The ROC curve satisfies:¶

  1. Always starts at the point (0, 0).
  2. Always ends at the point (1, 1).
  3. Is monotonically increasing (always moves laterally or upward).
  4. A uniformly better ROC curve lies entirely above a worse ROC curve.
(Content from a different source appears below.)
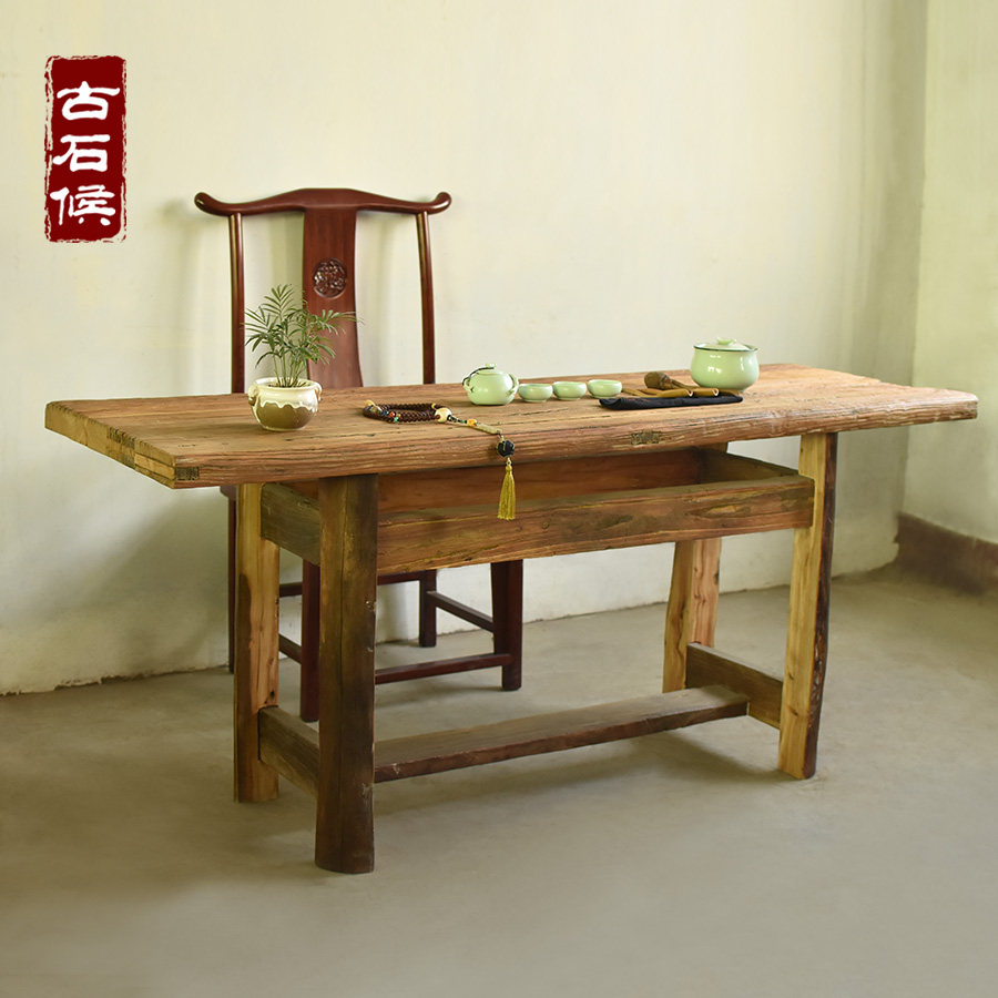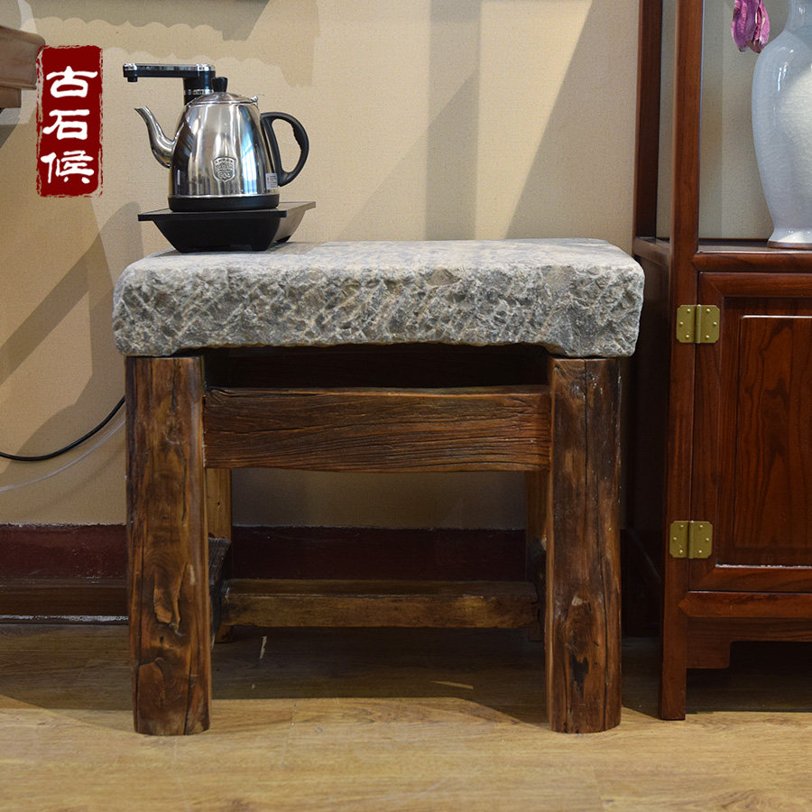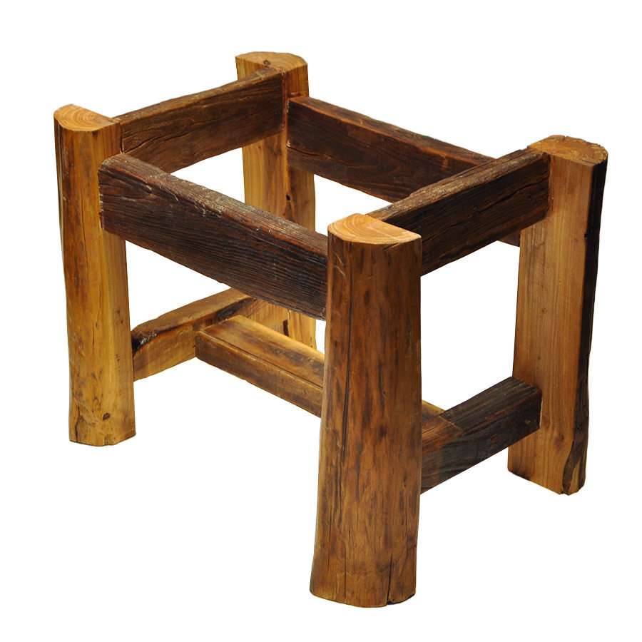 Old Elm Wood Shelf Stone Groove Wooden Frame Base Wooden Pier Weathered Elm Base Tea Tray Solid Wood Shelf Custom Made Furniture
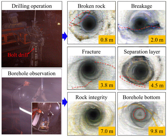 As shown in Figure 5, an examination of the surrounding rock within the 0.0 m to 1.0 m range from the 2308 return air roadway roof reveals significant fragmentation, leading to a reduced bearing capacity in the rock mass. Between 1.0 m and 4.0 m, the rock mass appears comparatively intact, although some sections display less-developed longitudinal fractures. At a depth of 4.5 m, a distinct separation layer becomes evident between the immediate and main roofs. Furthermore, from 5.0 m to 10.0 m, the rock mass shows a high degree of integrity. Owing to PTFL, the bolts are unable to effectively constrain the deformation of the surrounding rock. This results in subsidence in both the shallow and deep rock strata, culminating in the formation of a pronounced separation layer at a depth of 4.5 m from the roof.

T
  5. Is always worse than the theoretical limt of the ROC curve, the upper part of the box at the points (0, 0), (0, 1), (1, 1).
  6. If the prediction value is a random uniform number indpendent of the gold standard, the ROC curve is the identity line from (0, 0) to (1, 1).
  7. The ROC curve is invariant to strictly increasing monotonic transformations of the predictor.
  8. The ROC curve is an identity line whenever the prediction is independent of the gold standard provided the prediction is continuous.
  9. The ROC curve for a prediction as a test for one minus the golad standard flips the ROC curve over the identity line.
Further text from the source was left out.